Responses from D-Link and Zyxel
Only D-Link and Zyxel issued statements in response to Fraunhofer FKIE’s report. Both companies suggested that the researchers were looking at old products.
“This report may reference old products that have already been listed as End of Support,” D-Link stated.
“Due to the evolution of technology, material changes in industry, or ending the partnership with certain suppliers, D-Link will, from time to time, announce the termination of support and maintenance for certain products. For products that D-Link still supports, D-Link ensures that vigorous security tests are executed on the firmware before it is released.”
Zyxel issued a similar statement, arguing that of the ten Zyxel routers explicitly listed in the Fraunhofer FKIE report, four had already reached end-of-life. These same four devices also featured prominently throughout the report as examples of insecure devices.
Ignoring the big, hackable elephant in the room
There is a key issue that no consumer and small office network equipment vendor has addressed following reports such as the one from Fraunhofer FKIE.
Even though they might regard a certain router as “end-of-life”, these devices remain widely in use long after security patches for them stop.
That’s even if end users install the patches at all since flashing firmware can be a fairly technical task.
Neither the equipment manufacturers nor the retailers and Internet service providers who carry their products inform buyers when a device will reach end-of-support, and stop receiving security updates.
Internet service providers do not offer an upgrade path for broadband routers. It is also not typical for an Internet service provider to take responsibility for ensuring that their clients’ Internet gateways are updated with the latest firmware.
This reckless laissez-faire attitude from vendors and service providers towards essential and widely distributed Internet equipment, like broadband routers, has sown fields of insecure devices that are ripe for the next Mirai to harvest.
Examining the Zyxel SBG3300 Internet gateway
As a spot-check of Fraunhofer FKIE’s findings, I was able to examine a Zyxel SBG3300 small office/home office VDSL/ADSL2+ combo router.
This device has been widely supplied by Internet service providers and retailers in South Africa and remains in use by DSL subscribers who have upgraded to fibre.
It is running version V1.01(AAZZ.1)C0 of Zyxel’s firmware for the device. There is no mechanism to automatically upgrade the firmware of the device.

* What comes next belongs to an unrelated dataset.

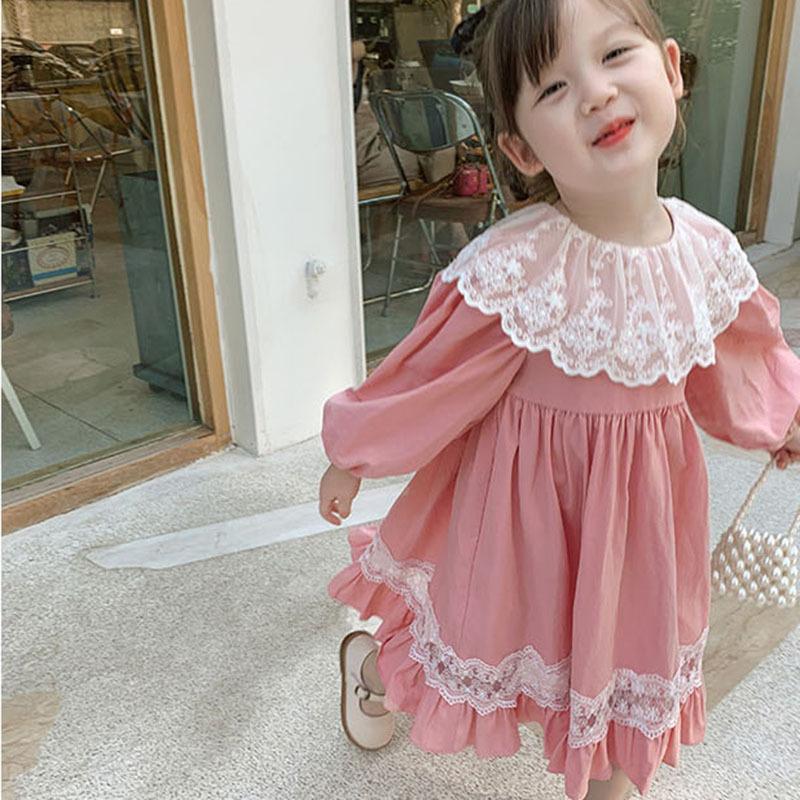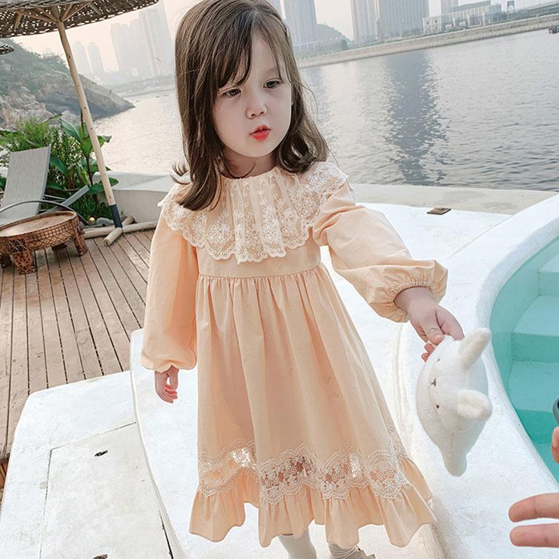 Vestido de menina primavera e outono manga comprida renda princesa vestido estilo coreano estilo ocidental vestido cross-border cabelo para bebê meninas

Non-technical users would somehow have to find the latest firmware on the Zyxel website and manually upgrade the router should they wish to ensure they have the latest security patches installed.
Firstly, when attempting to connect to the router using Secure Shell (SSH), it gives an error showing that the version of SSH on the router uses outdated encryption — already a sign that the operating system on the router is very old.
It is necessary to override more modern versions of SSH to allow insecure algorithms, as follows:
ssh -oKexAlgorithms=+diffie-hellman-group1-sha1 -c 3des-cbc [email protected]
Once connected to the router, it was possible to run
cat /proc/version, which shows that the Zyxel SBG3300 at my disposal ran on version 2.6.30 of the Linux kernel.
Linux 2.6.30 was originally released in June 2009 and was supported until October 2009.
The number of known vulnerabilities for Linux 2.6.30 listed in the Common Vulnerabilities and Exposures (CVE) database has increased dramatically — from 2 in 2016 to 92 in 2019.
Although most of the serious vulnerabilities for Linux versions 2.6.30 and earlier don’t involve anything more serious than allowing an attacker to crash your router, there are still a handful of vulnerabilities that could allow an attacker to take over the device, including remote code execution.
The latter is of particular concern, as there is a Metasploit implementation of CVE-2009-2692 available, which may make it easier for attackers to exploit the vulnerability in routers and other devices still running extremely old versions of the Linux kernel.